Before we get started, lets introduce another feature that will help us do complicated analyses with less time on our part.

Workflow scripts in QIIME

Up until this point, we've been doing everything the long way, step-by-step, to help you explore and understand how all the steps work and fit together into an analysis pipeline. Now, it seems like a good time to introduce some shortcuts to make your life easier! QIIME has some special built-in scripts that are categorized as workflow scripts. These workflow scripts take an analysis that would normally be a long series of steps, and performs all the steps in a series. All you have to do, as a user, is run the one workflow script. For example, for our previous section on alpha diversity analysis we had to run three different scripts in a series. There is actually a workflow script that can do all these steps for us in one command: alpha_rarefaction.py. And, for our process [tutorial pages C and D] of picking OTUs, picking a reference set of sequences, assigning taxonomy, building an OTU table, aligning our sequences, filtering the alignment, and building a phylogenetic tree are all combined into another single workflow script called pick_otus_through_otu_table.py. (Note that this workflow script does not do the denoising step, though.)

We'll discuss the pick_otus_through_otu_table workflow more in the next section.  For now, we'll start with the workflow script that helps us with our task at hand: beta diversity analysis. 

Note:  Once you get more advanced in QIIME, you may want to set a lot of custom options. Because of the complexity of a workflow script, many of the options have to be set by supplying an input file called a parameters file (with the -p option). You don't need a parameters file, though. If one is not specified, all the steps of the workflow will happen with relatively common default settings.

Jackknifed beta diversity analysis

We're going to use the workflow script jackknifed_beta_diversity.py to do our beta diversity analysis. This script does the following steps:

  1. Compute a beta diversity distance matrix from the full data set
  2. Perform multiple rarefactions at a single depth
  3. Compute distance matrices for all the rarefied OTU tables
  4. Build UPGMA trees for all the rarefactions
  5. Compare all the trees to get consensus and support values for branching
  6. Perform principal coordinates analysis on all the rarefied distance matrices
  7. Generate plots of the principal coordinates

Let's start this following script, and we'll talk about all the parts to the script while it's running:

jackknifed_beta_diversity.py -i otu_table.biom -o jackknifed_beta_diversity/ -e 90 -m Fasting_Map.txt -t rep_set_tree.tre

Some of the options for jackknifed_beta_diversity.py:

    -i [file]  The OTU table file

    -o [name]  Choose a name for the output directory to be created

    -e [number]  The depth for even rarefactions

    -m [file]  The sample mapping file

    -t [file]  The phylogenetic tree file

Lets start with the -e option for the rarefaction depth. This script performs rarefaction at only one depth. The idea is that we want to create a large collection of distance matrices that we can do statistics on. For this to work, we need to choose a depth that is significantly smaller than the number of seqs in the smallest sample. If any samples have fewer seqs than the rarefaction depth, they will be left out!  Also, if the rarefaction depth is too high, then every rarefied OTU table will be the same, and there won't be any differences between all our distance matrices.  I chose 90 seqs/sample as our depth, because most samples have a little under 150 seqs/sample total. Going even lower may have been advisable, perhaps to 75 seqs/sample or less, but this is a pretty small data set to start with so I just made a compromise. 

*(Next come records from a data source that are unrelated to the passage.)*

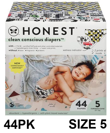 44PK Honest clean conscious Diapers - Size 5 - BIG TRUCKS + SO BANANAS
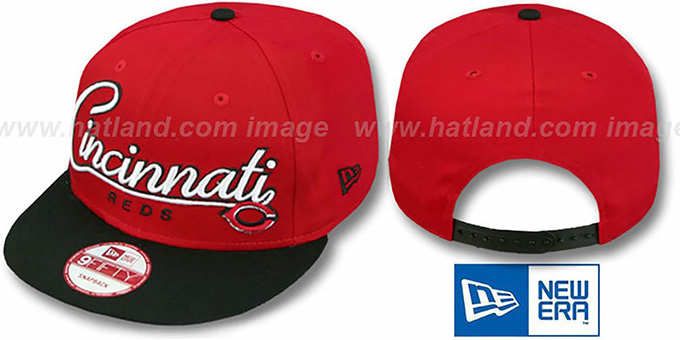 Authentic cotton twill 9FIFTY adjustable hat by New Era with original cut and flat brim, red crown and black visor, light grey undervisor, raised embroidered team-script city on front with small raised embroidered team logo on side front, embroidered New Era logo on side, alternate team color adjustable plastic Snapback strap. This Cincinnati Reds hat is made by New Era and is licensed by the MLB - Major League Baseball.
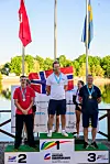 Anders Foss toppet pallen under årets EM. Pierre Cesinski fra Sveits tok sølv (venstre), mens svenske Henrik Tengius fikk bronsemedaljen (høyre).Foto: IWWF
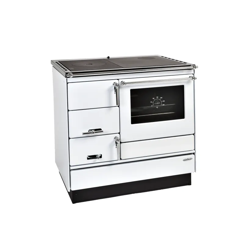 Przestronna komora spalania może być łatwo dostosowana do letniej lub zimowej eksploatacji (wyjmowany górny ruszt). Jedną z wielu zalet jest zmienność podłączeń do komina.
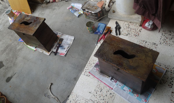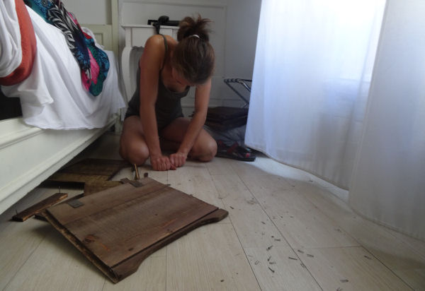 Le dimanche matin, armée d’une pince à épiler et d’un couteau à beurre, Anti a soigneusement démonté les deux tabourets. Je l’ai un peu aidée à retirer quelques clous enfoncés dans le bois, sans aucune pince ni marteau bien sûr. Il ne restait plus qu’à caser tout ça dans sa valise et mon sac de voyage, à glisser nos affaires là où on pouvait, à passer les contrôles à l’aéroport, à tout remonter une fois arrivés à la maison (cette fois avec des vrais outils) et à leur redonner une nouvelle jeunesse avec un peu de lasure.
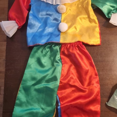 Flerfarvet klovnekostume til børn. Kostumet har korte ærmer med puffede detaljer, og er dekoreret med polkaprikker i forskellige farver. Der er store gule knapper på fronten. Nederdelen har et lilla tyl lag over en flerfarvet nederdel. Der medfølger en lille klovnehat som hårbånd.
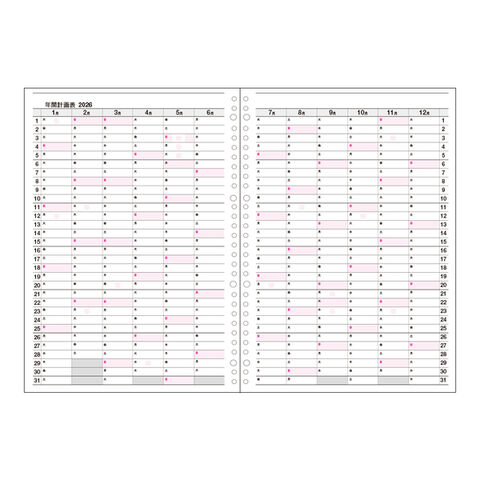 リングバインダーのリフィルとして使えるブロックタイプの見開き1ヶ月ダイアリーです。仕様:30穴日記リーフ 内容:年間計画表、プランニングテーブル、LIFE PLAN、月間ダイアリー、統計、ノート、アドレス、資料編
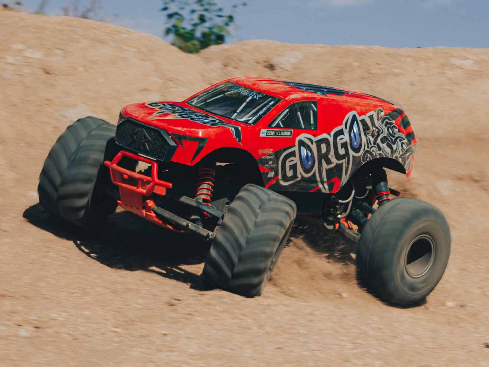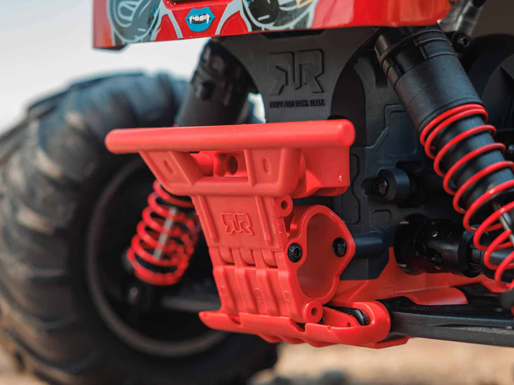 When you’re blasting with the ARRMA GORGON MT monster truck, all eyes will be on you — and on its “fang-tastic”, factory-finished trim scheme. The GORGON MT RTR is available in red or fluorescent yellow, with colour-coordinated shock springs, battery tray, skid plates, and front and rear bumpers. A quick-release mechanism lets you get under the body in seconds for super-easy maintenance.

Let's go back and look at that parameters file... there are lots of variables in there that you can set.  You'll notice that most of them are not set to anything. Also, many of them have nothing to do with our jackknifed_beta_diversity.py workflow.  That's okay.  The idea is that you can set up one parameters file for all your workflows in a project, and any variables you leave blank in the parameters file will just be set to their default values.

Okay, my jackknifed_beta_diversity.py workflow is done; there are LOTS of new files that it created in that jackknifed_beta_diversity/ folder! 

There is one sub-folder full of rarefied OTU tables, and three separate sub-folders for each of the three different distance metrics we chose! Let's look in the unweighted UniFrac folder. It contains a folder called "3d_plots," (Note: This has changed to "emperor_pcoa_plots" in QIIME 1.8.0 -- I will have to update this in tutorial later...) and in there is an html file named index.html. Double-click on this html file to open it in your browser. It may take a minute, but you should eventually see a Java application called Emperor that opens up, displaying a graph like this:
Those are the results of our principal coordinates analysis! Each point represents one of the samples. The important thing to realize here is that the axes are meaningless. This is different from principal components analysis, which you may be more familiar with. If you do principal components analysis, you get out axes that have weighted components from real variables that went into the ordination. In principal coordinates analyses, these axes were created to reproduce the distances between samples, and we've lost the variables that the distances originally came from.  You'll notice that samples PC.634, PC.635, and PC.636 are all really close to each other. Because the distances between samples were calculated using unweighted UniFrac, this means that those three samples have communities with very similar overall phylogenetic trees. And, looking back into our mapping file (Fasting_Map.txt), we can see that these three samples were all experimental samples (fasted mice microbiomes)!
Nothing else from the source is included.